The low frequency motions of solvated Mn(ii) and Ni(ii) ions and their halide complexes

Abstract

We have investigated the low frequency (30–350 cm⁻¹) spectra of solvated MnCl₂, MnBr₂, NiCl₂, and NiBr₂. Using a chemical equilibrium model in combination with principal component analysis, we were able to dissect the spectra into molar extinction coefficients due to the solvated ions and – for MnCl₂, MnBr₂, and NiCl₂ – to extract information on the ion pair spectra.

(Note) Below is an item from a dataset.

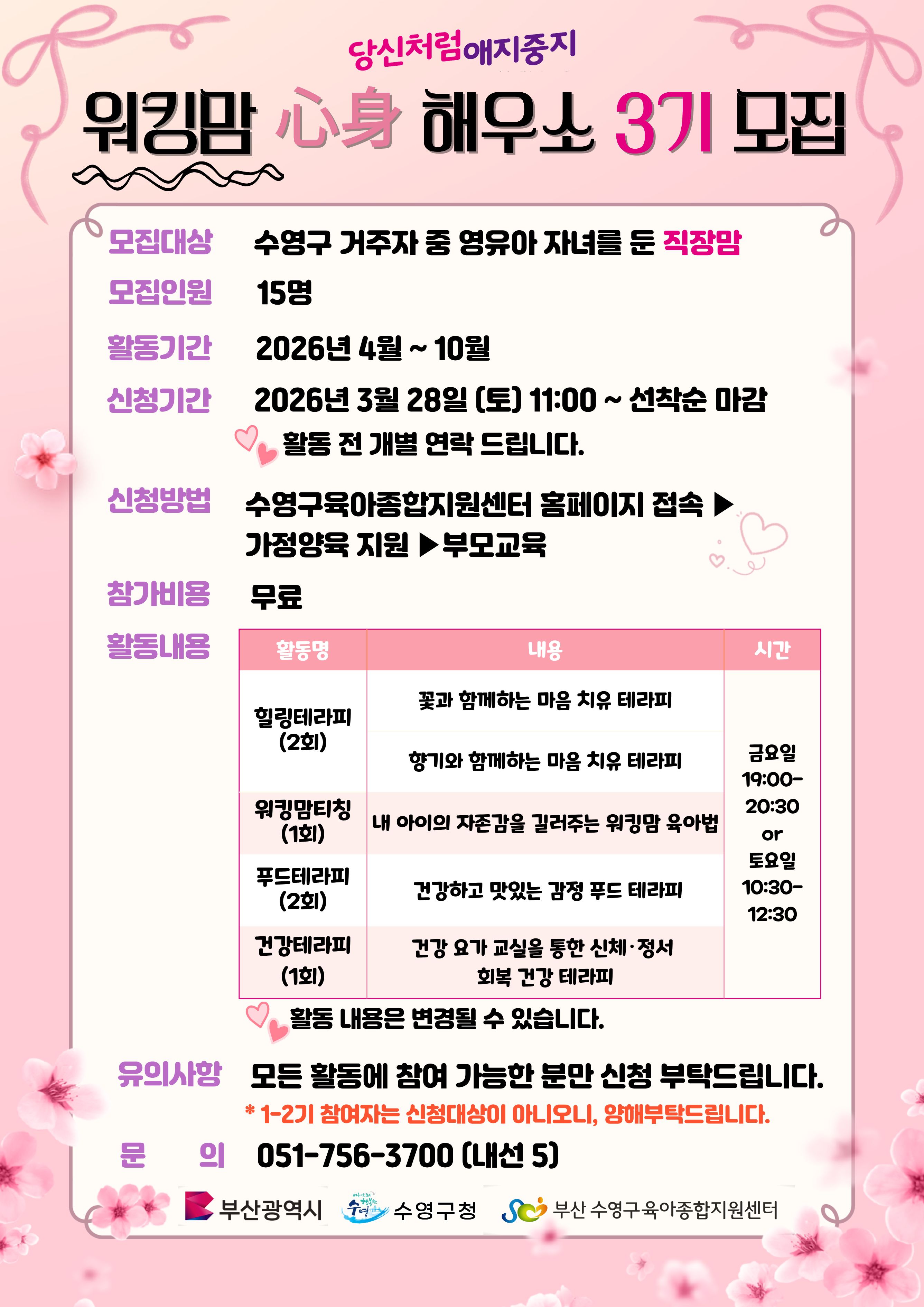 | ±âŸ»çÇ× | * ¿öÅ·¸¾ ãýãó ÇØ¿ì¼Ò´Â ¼ö¿µ±¸ °ü³» ¿µÀ¯¾Æ Àڳฦ µÐ Á÷À帾À» À§ÇÑ ÇÁ·Î±×·¥ÀÔ´Ï´Ù. * º» ÇÁ·Î±×·¥Àº ¼±Âø¼ø ¸ðÁýÀÌ¿À´Ï Âü°í ¹Ù¶ø´Ï´Ù. * ±¸Ã¼ÀûÀÎ ÀÏÁ¤Àº ¼±Á¤ ÀÌÈÄ ¾Ë·Áµå¸± ¿¹Á¤ÀÌ¿À´Ï Âü°í ¹Ù¶ø´Ï´Ù. * Ȱµ¿³»¿ëÀº º¯°æµÉ ¼ö ÀÖ½À´Ï´Ù. * ±³À° ½Åû ³¯Â¥´Â ȨÆäÀÌÁö ¼±Âø¼ø ½ÅûÀ» À§ÇÑ °ÍÀ̹ǷΠÂü°í¹Ù¶ø´Ï´Ù. |

The deduced anion spectra (calculated as MnCl₂–MnBr₂ and NiCl₂–NiBr₂) are very similar and nearly identical to the anion spectra observed for LaCl₃–LaBr₃. The differences between the cationic contributions MnCl₂–NiCl₂ and MnBr₂–NiBr₂ indicate that the solvated cation spectra can be understood in terms of distinct resonances of the octahedrally solvated cation complex that are red-shifted for Mn²⁺ compared to Ni²⁺. The description of the full extinction spectra requires the introduction of an additional resonance at a center frequency of around 130 cm⁻¹ that we tentatively assign to hydration water. Cooperative effects are small and are reflected in a change in the band intensity. However, the center frequencies of the observed modes remain unchanged when exchanging the counter ion. Analysis of the ion pair extinction spectra supports contact ion pair formation for MnBr₂ and NiCl₂ and MnCl₂.